Los Angeles

LAPD Detective Accuses High-Ranking Supervisor of Perjury

The accusation stems from an internal investigation that prompted a civil lawsuit against the city of Los Angeles

A Los Angeles police detective at Tuesday's police commission meeting accused a high-ranking supervisor of perjury during a civil case against the city.

LAPD Detective Jamie McBride, a 27-year veteran, stood before Chief Charlie Beck and police commissioners asking them to open an investigation regarding Assistant Chief Jorge Villegas.

"In July 2016, Chief Villegas knowingly offered false sworn testimony during civil deposition," McBride said.

NBC4 attempted to reach out to Villegas through his work email. We were unable to reach him for comment.

McBride claims Villegas denied under oath reading a document that was part of McBride's civil case against the police department.

McBride sued the department, claiming supervisors retaliated against him after he was cleared of wrongdoing while leading an investigative unit. McBride, who is now a director with the Los Angeles Police Protective League, which is the union representing Los Angeles police, won a $1.5 million judgment in March.

McBride says Villegas denied reading a document that was part of his civil case. The NBC I-Team reviewed court documents from the case, including a statement by a lieutenant who claimed Villegas not only read the document in question, but made notes on it in her presence.

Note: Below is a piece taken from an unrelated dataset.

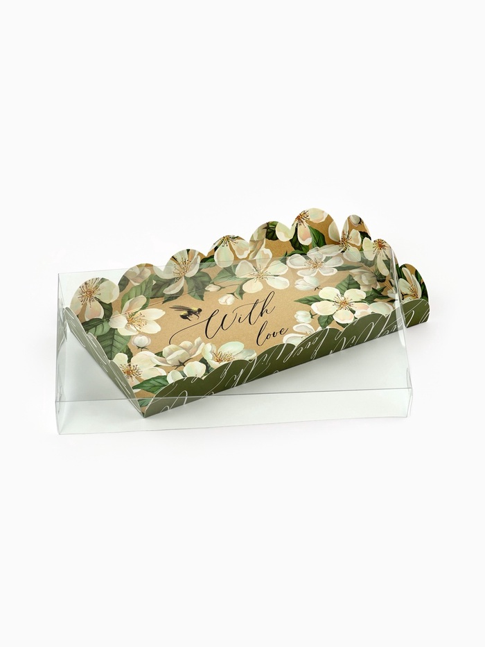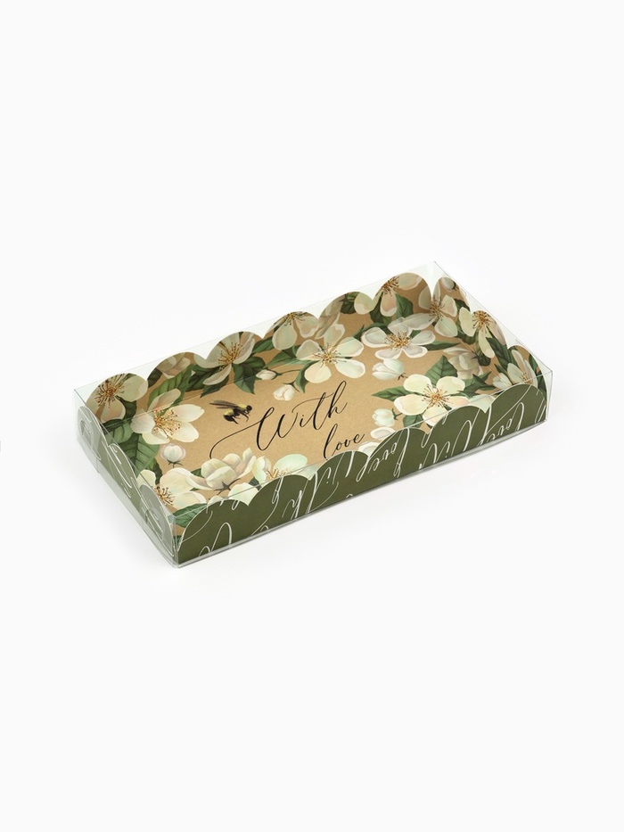Коробка для печенья, кондитерская упаковка с пластиковой крышкой, «Пчёлка», 10.5 х 21 х 3 см

McBride says Villegas denied reading a "rationale of findings" - the document part of his civil case. The NBC4 I-Team reviewed it and court documents in the case, including a declaration by another police officer she says she saw Villegas make notes on the "rationale of findings" he alleges he did not read.

The LAPD tells us because this is now a formal complaint, they will investigate it.

An LAPD spokesperson tells us they do not comment on personnel matters. If substantiate, McBride said he wants any case against the assistant chief submitted to the district attorney for possible criminal prosecution.